Competencies (Domains), subdomains, and question types in the MMI stations

Station number Competency (Domain) Sub-domain Question format
Station 1 PCPS (IV.A. 5. a)* (1)** Managing patient problems (treatment, health promotion) PBQ
(2)** Performing procedures competently SQ
Station 2 PBLI (IV.A. 5. c)* (8)** Educating others PBQ
(3)** Identifying and performing learning activities SQ
Station 3 ICS (IV.A. 5. d)* (1)** Communicating effectively with patients PBQ
(2)** Communicating effectively with physicians SQ
Station 4 Pro (IV.A. 5. e)* (4)** Being accountable to patients, society, and the profession PBQ
(2)** Responding patient needs that supersedes self-interest SQ
Station 5 SBP (IV.A. 5. f)* (5)** Working in interprofessional teams to enhance patient safety PBQ
(2)** Coordinating patient care within the health care system SQ

PCPS: Patient Care and Procedural Skills, PBLI: Practice-Based Learning and Improvement, ICS: Interpersonal and Communication Skills, Pro: Professionalism, SBP: System-Based Practice.

PBQ: Past Behavioural Question, SQ: Situational Question.

*The Competency (Domain) number in ACGME Common Program Requirements [36].

**The Sub-domain number within the Competency (Domain) in ACGME Common Program Requirements [36].

Table 2.

A sample of examiners’ interview guide (Station 3*)

Question type Instruction
Question 1 ✓Please do not ask any personal questions except brief and neutral greetings before starting.
PBQ ✓This question is to assess the ability of ‘communicating effectively with patients’. [IV. A. 5. d. (1)]
✓The question to be initiated:
 Tell me about a difficult, cranky patient you had to take care of most recently during your NOIPCTP**.
 Please make your answer specific and concrete including the patient’s age, sex, problems, diagnosis, and management.
✓Please use STAR*** approach as follows.

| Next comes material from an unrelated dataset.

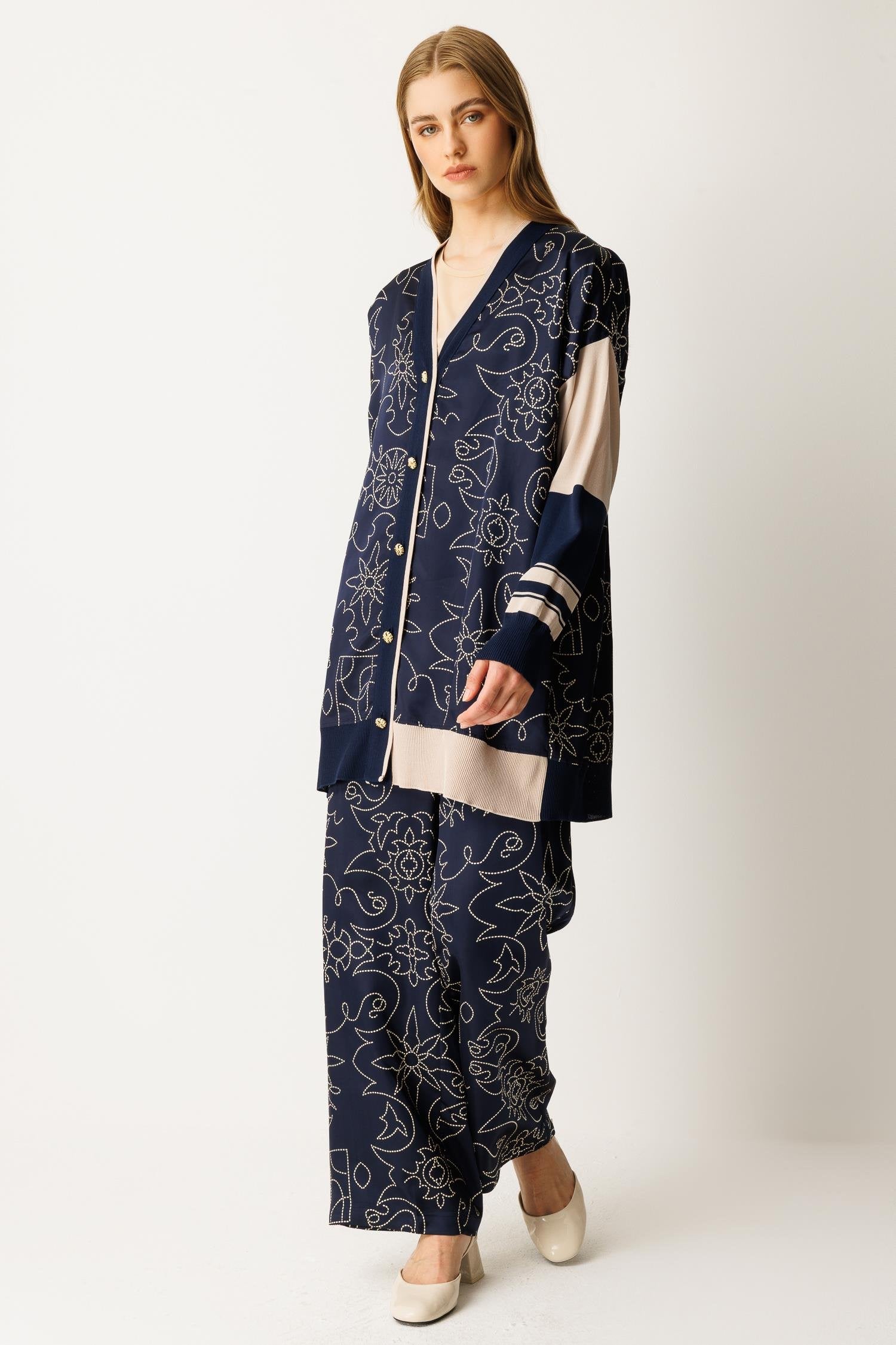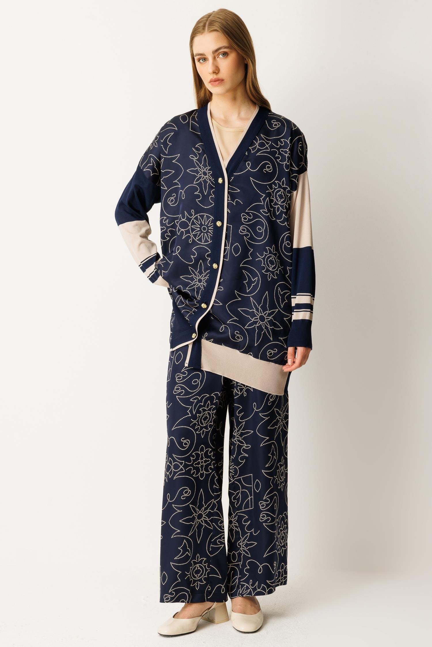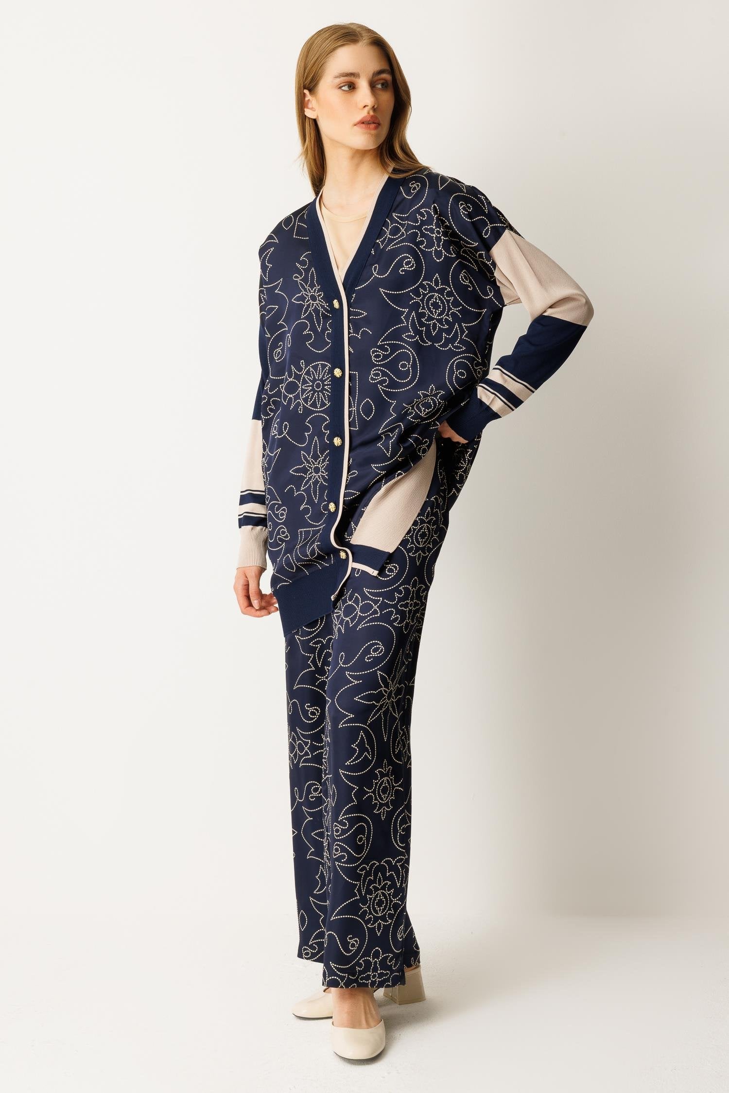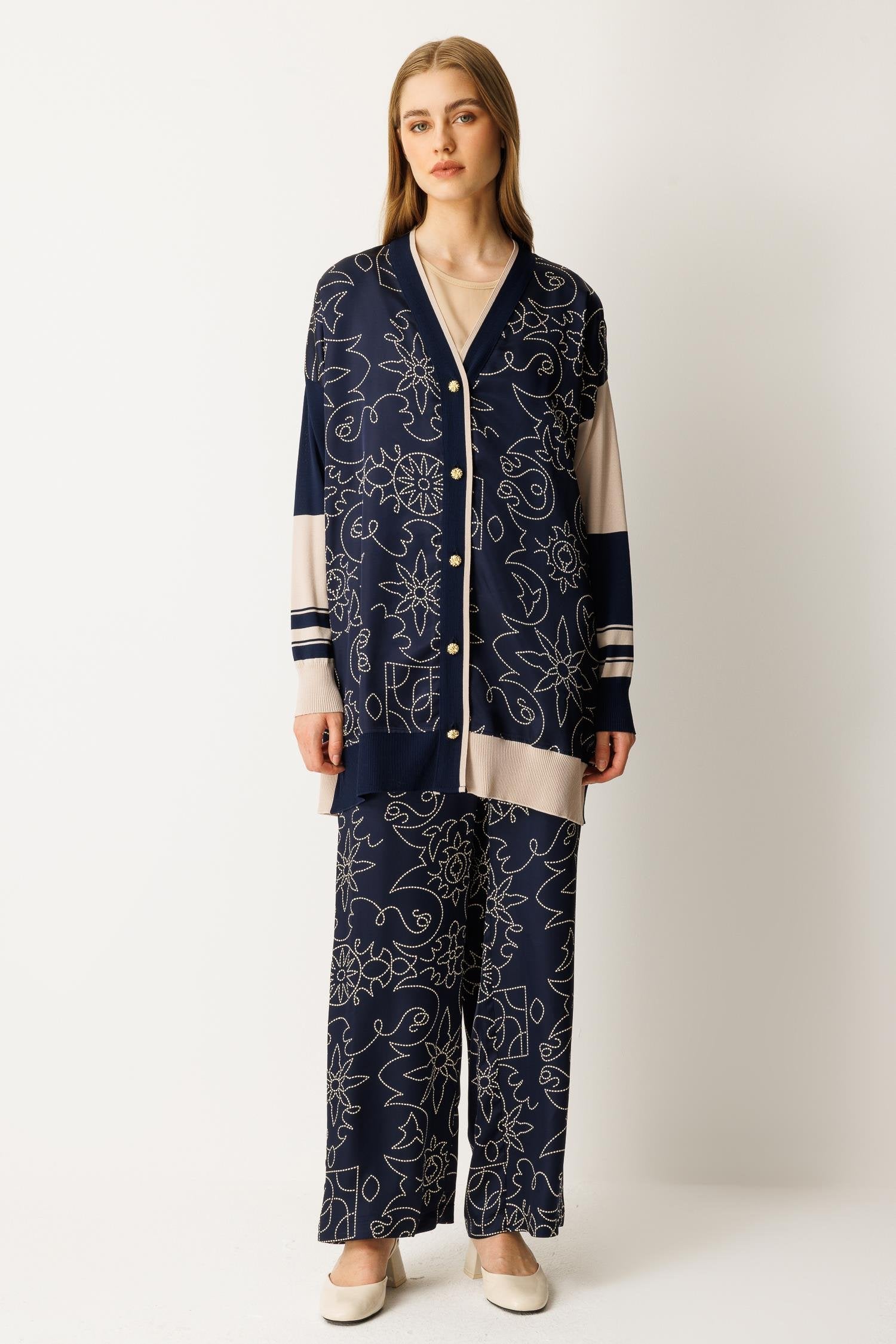Düğme kapamalı, saten ve triko kumaş karışımı alt-üst takım. Şık ve modern tasarımıyla hem günlük kullanım hem de özel anlar için ideal bir seçenektir.

Please do not make any other probing or follow-up questions.
 # What was the Situation***? , and what was your Task***?
 # What was your Action***? How did you behave to establish a better relationship?
 # What was the Result***? How did you obtain feedback from the patient or your team members?
Question 2 ✓This question is to assess the ability of ‘communicating effectively with physicians’. [IV. A. 5. d. (2)]
SQ ✓The scenario to be presented:
You have been working as a Year-1 resident of your specialty for 6 months. You have set in well with your new training environment. During a regular morning round, your clinical supervisor disagrees with one of your patient’s management plans which you feel confident about. You feel that you have been more involved in the care of this patient than the supervisor, including an understanding about the patient’s socioeconomic background. This supervisor is enthusiastic about patient care and teaching trainees, but you know that he does not like to have his authority questioned. He also seems to be inflexible in his thinking. How would you handle this situation?
✓Please use following probing****. Please do not make any other probing questions.
 # Why would you take that action?
 # Is there any possible alternative ways in case that your initial plans do not work?
 # What are the advantages and disadvantages amongst your approaches?

*This station is to assess Interpersonal and Communication Skills (ICS) amongst the ACGME competencies.

**NOIPCTP: National Obligatory Initial Postgraduate Clinical Training Programme [37].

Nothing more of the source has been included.